Positionality is key to utilising the third sphere of Lacanian reading as Felman describes it, because it's only through getting ahold of one's associations, relations and preconceptions that we are able to understand how any given reader will respond to a text. In my case, Super Mario Bros. dramatically shifted my conception of what video games were capable of, and is probably why I'm sitting here writing this now. So, if you're looking for someone to blame for my incoherent academic gobbledygook blame Shigeru Miyamoto. Well, and Jacques Lacan. And Shoshana Felman. And my philosophy teacher who introduced me to both. And my Anthropology professor who set me on the path to joining this field. And...
Which brings us to the real delicious irony of this whole thing: Reading is not just one act, but the chaotic interaction of many and varied acts, individuals and texts. I just spent a series of essays writing about Shigeru Miyamoto (whom I understand primarily through what Dave Sheff wrote about him in a book I read) through tools I learned from Shoshana Felman who learned them from Jacques Lacan, who was resolute in his claim that he was doing nothing more than reading Sigmund Freud, which I read because my professor read them and thought I should as well. Not to mention the fact large portions of this series have been dedicated to me reading and analysing myself, and you reading me as I do that. Somewhere in this grand, beautiful symphonic cacophony and language and discourse is meaning. But meaning is, as I've claimed, not one thing, but a mutable, ethereal series of concepts dynamically generated by the interaction of three forces and countless subjects whenever anyone reads anything.

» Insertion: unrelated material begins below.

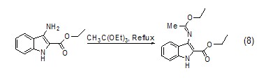 Formation of C-X bond Triethyl orthoacetate can also react with heteroatom groups such as amino groups to form C-N bonds or C=N double bonds (Formula 8)[9 ].

This then is finally how we can judge whether any given reading is “valid”: The addition of the third sphere would, at cursory glance, seem to render all analyses into exercises in futile relativism, but rather what it does instead is give us a more nuanced way to practise it. All we need to do to determine whether a reading is valid or not is to weigh how it utilises the three spheres against itself. For example, I can claim Super Mario Bros. is a work of radical deconstructive game design that literalizes the concept of Lacanian meaning to recreate for players the experiences of exploration and discovery treasured by Shigeru Miyamoto. I can do this because I've (hopefully) provided enough evidence from both what is on record about Miyamoto's intent, my personal experiences with reading it and the actual text itself to back up my claim. I couldn't, however, claim Super Mario Bros. is about a magical flying hamster who soars through Candy Land turning clouds into doughnuts to fight Communism because there is absolutely nothing in the game or what Miyamoto said about it that could remotely be used to support such an assertion, no matter what my personal experiences might be. One is a valid interpretation, the other isn't. One constitutes a legitimate reading of the text, the other is me reading the text wrong.

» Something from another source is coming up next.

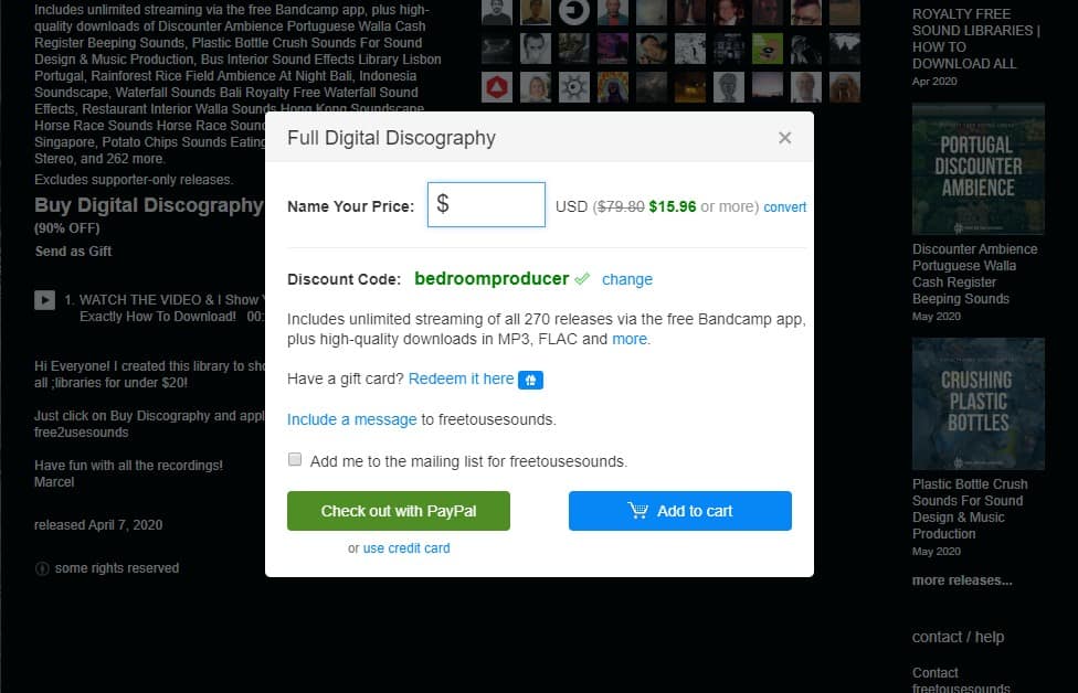 The minimum price will be reduced to $15.96 (you can still enter any amount). After completing the checkout process, you will receive over 270 sound libraries released by Free To Use Sounds. The number of included sound libraries is growing constantly. At the moment of writing this article, the bundle amounts to over 550 GB of audio recordings.

On the other hand, this is also why no-one can claim I am "reading too much" into a simple video game from 1985 or "picking up on things that aren't there", because the very act of ever reading anything is inherently bound by these forces and interactions. These are the conclusions to which I have arrived at via my history of reading things, and not just video games, as texts from a particular positionality. This then is the core of analysis for me, and the tool set by which I'm going to approach anything else I do on this blog.